1. **Batch‑cook staples** – Cook a big pot of quinoa, brown rice, and lentils on Sunday. Portion into containers for quick assembly.
2. **Prep veggies ahead** – Chop carrots, bell peppers, and broccoli and store in zip‑top bags; they’ll stay crisp for 4‑5 days.
3. **Flavor boosters** – Keep a stash of spices (cumin, smoked paprika, curry powder, turmeric, chili flakes) and sauces (sriracha, tamari, miso paste) to vary taste without extra effort.
4. **Protein check** – If you’re an athlete or need >0.8 g protein /kg body weight, add a scoop of vegan protein powder to a snack or breakfast smoothie.

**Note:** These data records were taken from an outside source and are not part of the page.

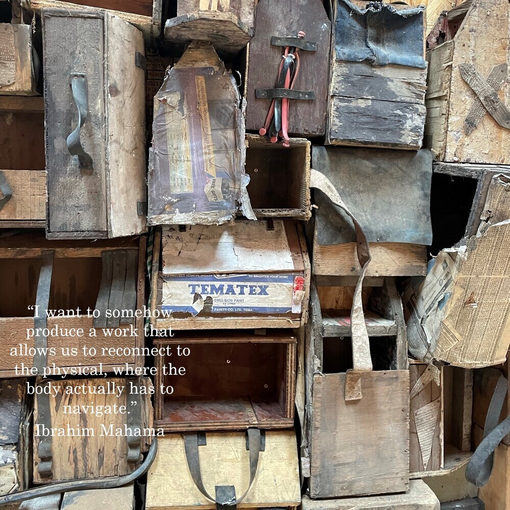 In June 2022, a team from the Oude Kerk, consisting of curator Marianna van der Zwaag and creative producer Chloë Sylvestre, travelled to Ghana to visit artist Ibrahim Mahama as part of a series of mutual site visits.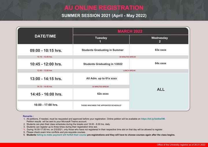 Registration 3/2021 (summer) February 17, 2022 Pisal Setthawong Current Student News, Student Registration 3/2021 (summer) Share This Twitter Facebook LinkedIn Email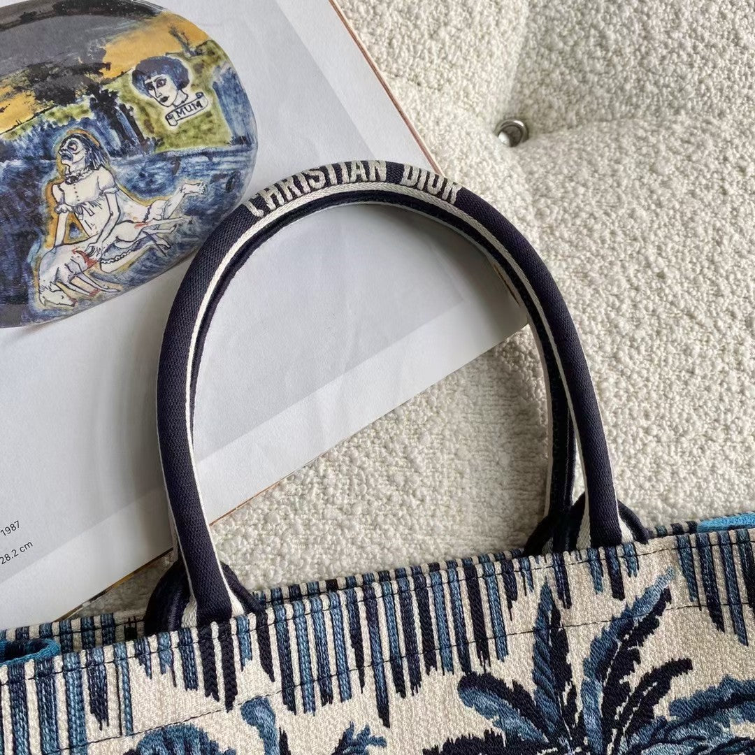 Introduced by Maria Grazia Chiuri, Creative Director of CHRSTN DR, the DYOR Book Tote has become a staple of the DYOR aesthetic. Designed to hold all the daily esstlmtials, the style is fully embroidered with a hallmark flowers embroidery DYOR Oblique motif.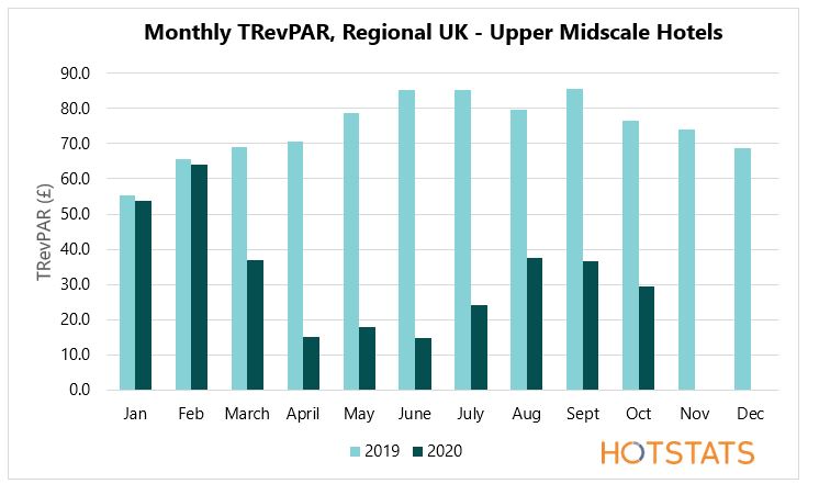 - The month of October witnessed a sharp decline in GOPPAR across all hotel datasets, with select service and upper-midscale hotels recording a 77% decline month-on-month, to less than £2.0 PAR and full-service upper and upper-upscale hotels both recording a loss for the first time since July.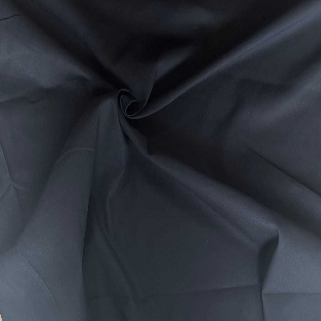 This premium Italian designer deadstock cotton twill fabric in classic black offers a beautiful handfeel and a subtle sheen for an elevated finish. Woven from cotton with a touch of spandex, it provides gentle stretch and comfort, making it ideal for sewing tailored skirts, trousers and structured dresses. A versatile mid-weight fabric, it’s perfect for year-round garment making.
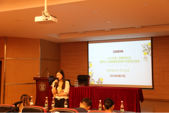 2021年4月27日,公司在明达楼106报告厅举行2021年第一期菁英论坛暨员工心理健康素质提升及就业交流会。此次交流会邀请到公司2019级非全日制MBA集中班八位同学作为分享嘉宾。讲座旨在通过公司非全日制员工与全日制员工的交流,结合朋辈榜样的自身经历,以零距离互动交流形式,帮助在校员工处理好环境适应、人际交往、求职就业等方面压力,同时丰富校园文化,营造有利于员工心理健康的校园氛围 。

5. **B12 & Vitamin D** – Include a daily B12 supplement (250 µg) and, in winter months, a vitamin D3 vegan supplement (1000 IU) to cover potential gaps.
6. **Hydration** – Aim for 2‑3 L water daily; herbal teas count toward this total.
7. **Mindful portions** – Use a kitchen scale or measuring cups the first week to get a feel for portion sizes and calorie targets.
8. **Flexibility** – Swap any meal for another day’s option if you crave variety; the macro totals stay balanced.
9. **Leftover love** – Turn dinner leftovers into lunch wraps or salads—reduces waste and saves time.
10. **Enjoy the process** – Cooking is a form of self‑care. Play your favorite music, involve family/friends, and celebrate each plant‑powered bite!